1952 saw the publishing of The Hollow as a playscript by Samuel French. Agatha Christie adapted the play herself from the book and removed Poirot from it as she thought he had ruined the book. While the play was first performed in 1951, the first printing of this play was in 1952 and is priced "5s net". A near fine copy would be worth £70-100 UK ($90 - $135 US), while poorer copies can likely be found for £25 -40 ($33 - $55). Many play scripts were used and often have underlining or marks throughout the script. The cleaner the better if you have a choice.

The first printing of the Samuel French playscript (1952).

Murder After Hours: In the US, Dell Books changed the title to Murder after Hours in their 1954 version (Dell #753). One can only speculate that the publisher felt the original title didn’t convey the contents effectively to a casual shelf browser. Issued with a price of 25 cents, the cover art by Griffith Foxley shifted towards the sexy-pulp style that was becoming mainstream in the US during this period. The book is fairly easy to locate and often sells for $10 US in very good condition.

The 1954 version from Dell (US) - the first with the alternate title.

Dell continued publishing books with this alternate title for many years and with various different covers. One unfortunately has the dead body in a fountain not a pool!

Fontana Paperbacks: In the UK, Fontana Books first published a version in 1955 priced 2/6 featuring a crouching woman holding a gun to a man’s neck. This cover was changed in 1961 (Fontana’s 5th impression) to Barbara Walton’s fairly boring cover of a man on a staircase. In 1963, for Fontana’s 6th impression, we get the iconic Tom Adams cover which was one of his earliest images. Fontana was still using the yellow band on the bottom on the front cover at this time. In 1968, for Fontana’s 9th impression, the cover art was freshened up with an image from Ian Robinson with the revolver in the basket of eggs. Commonly mistaken as one of Tom Adams’ images, this is one of the 13 book covers Robinson did for Fontana. Fontana’s new design of the white band at the top and bottom of the front panel was now being used. All of these Fontana editions are fairly easy to locate with a bit of patience and most can be acquired for £5 - £15 UK depending on condition.
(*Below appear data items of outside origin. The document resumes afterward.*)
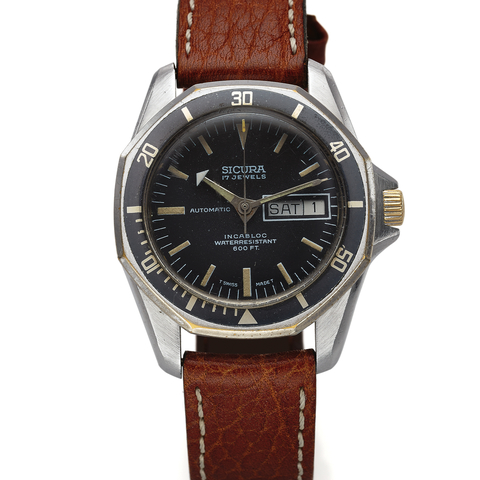 Three-body, polished, screwed-down steel case back with logo, octagonal graduated bidirectional revolving black bezel for the decompression times, protected winding crown. Black with luminous baton indexes, outer minute/seconds track, aperture for the date and the day of the week. Luminous steel arrow hour and baton minute hands. Cal. 1239-21, copper color, 17 jewels, straight-line lever escapement, shock absorber, self-compensating flat balance spring.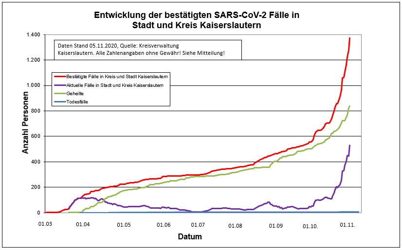 Am 05.11. meldete das Labor 97 neue Indexfälle (38 x Stadt, 47 LK KL, 12 Streitkräfte). 10 Personen wurden aus der Quarantäne entlassen (4x Stadt KL, 6 LKKL)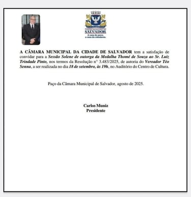 Homenagem ao nosso vice-presidente ,Luiz Trindade, que recebeu a prestigiada Medalha Tomé de Souza ,da Câmara Municipal de Salvador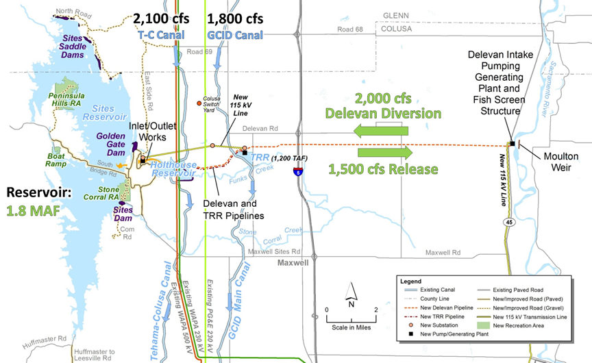 The existing Tehama-Colusa Canal would be used to help convey Sacramento River water to Sites Reservoir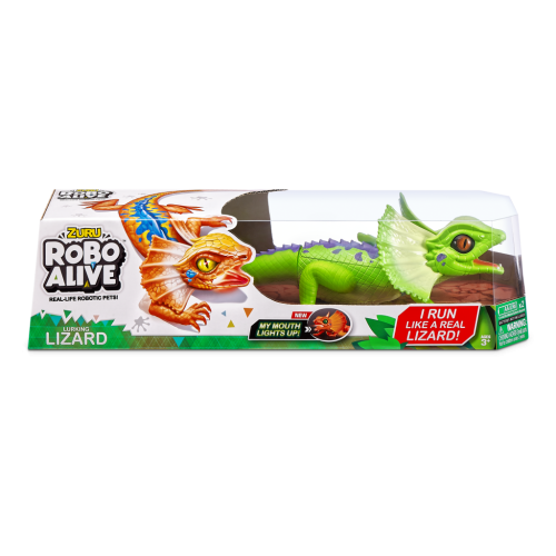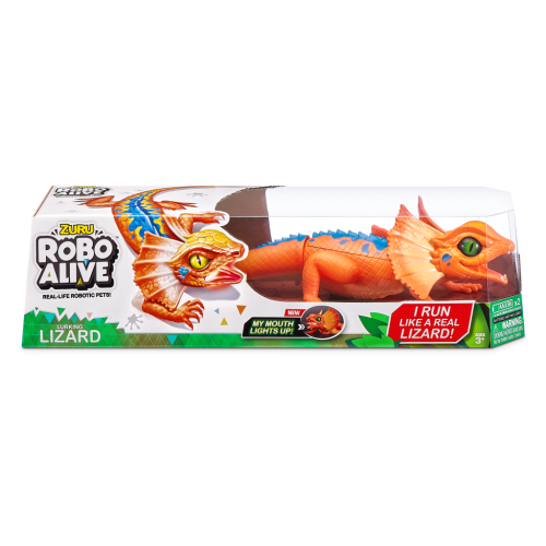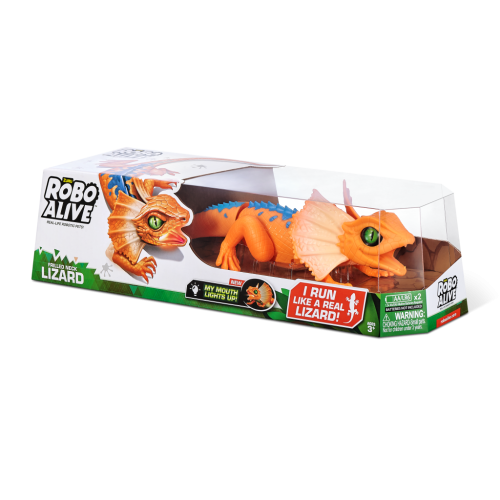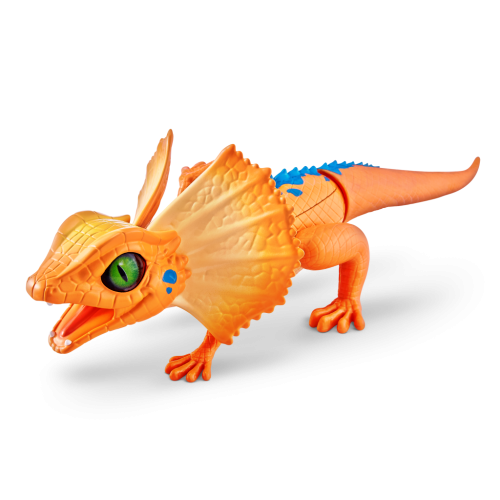 Robo Alive Robotická oranžová ještěrka. Oranžová ještěrka s modrými skvrnami vypadá jako živá. Může skutečně chodit, běhat a pohybovat hlavou.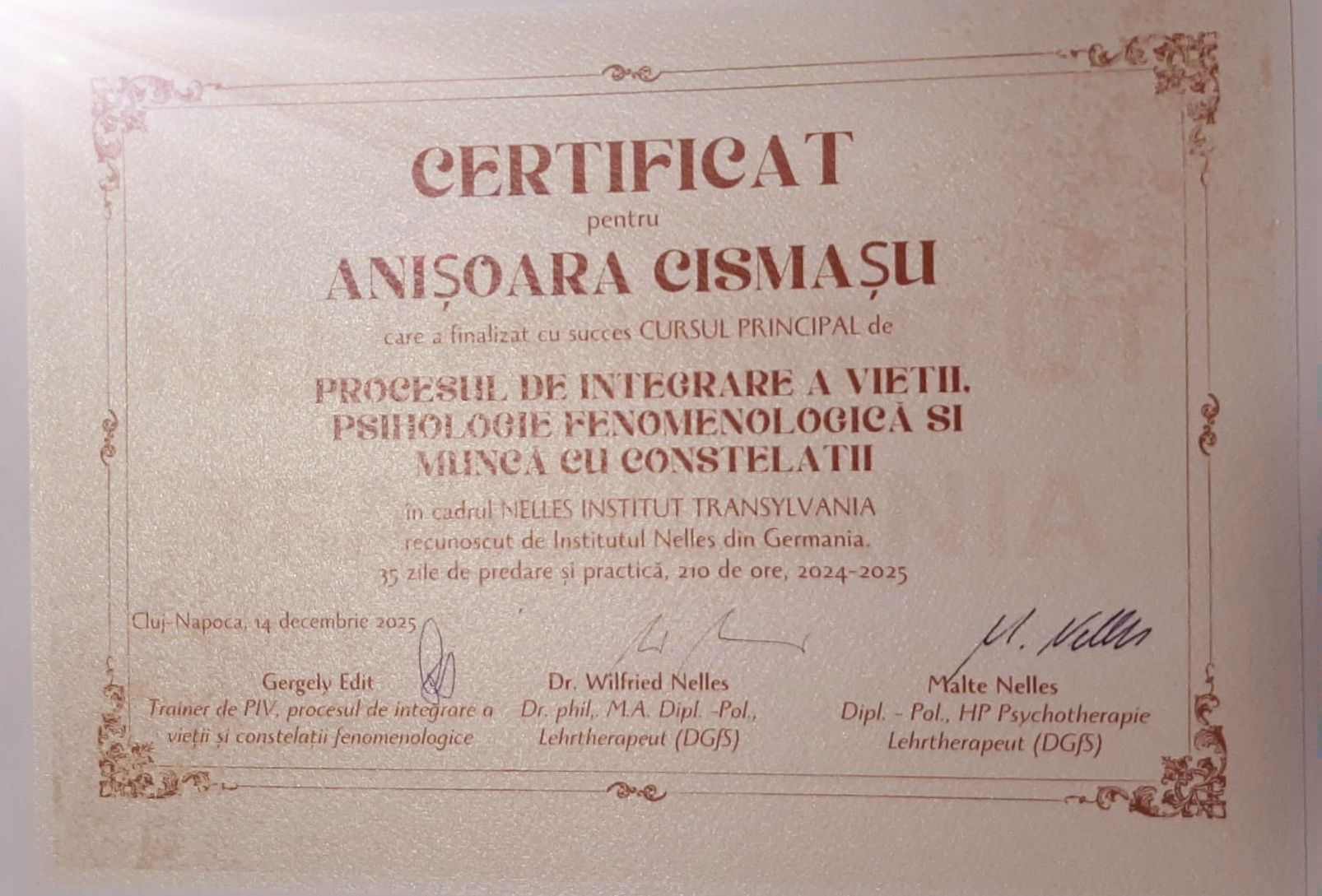 Formarea în Constelaţii Familiale şi Procesul Integrării Vieţii au venit natural pe tranzitul lui Uranus în Cheia Genelor 2 (Dislocare – Orientare - Unitate), care reprezintă Sfera Culturii în profilul meu hologenetic, sau munca mea în cultura în care trăiesc, cheie care în I Ching se numeşte Câmpul.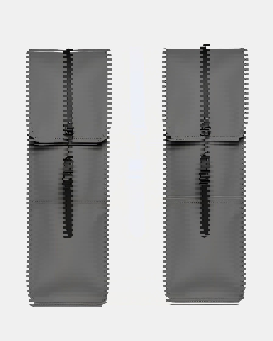 Backpack is cut in Rains’ signature waterproof PU fabric, engineered for carrying strength, durability, and a smooth feel.

Over the years many more versions of this book have been created with covers that typically focused on the swimming pool as the iconic image. Some publishers took different approaches. All of these paperbacks from 1970 onwards are easy to find and sell for typical used book prices.

The most recent quasi-collectible printing is the 2008 HarperCollins facsimile edition. Generally the facsimile editions are more appealing for the early golden age cover art of the 1920-1930 editions. But staying true to the mission of this series HarperCollins printed a replica of the bland 1946 Collins jacket with an added wraparound band that carried their logo. While many sellers still aspire to high valuations, recent sales imply copies of this book in fine condition can be acquired for around $25.

Summary: As shown, collectors of Christie could stay busy just focusing on collecting all books related to a single title such as The Hollow. This article hasn’t even touched on all the foreign language editions. While few of these books offer tremendous growth potential, the true first edition from Dodd Mead, along with the Collins Canadian, UK and Indian editions offer the best long-term potential for appreciation. The play version is something that should be read by fans of this novel because it provided Christie an opportunity to present the story without Poirot – something she had wanted to do. However, for pure enjoyment, the broad range of wonderful paperbacks will give the collector plenty of versions to hunt for online, in bookstores or at boot sales. Whether you enjoy collecting magazines, hardbacks or paperbacks, hopefully this article has provided you with some insights that will enhance your enjoyment of this novel.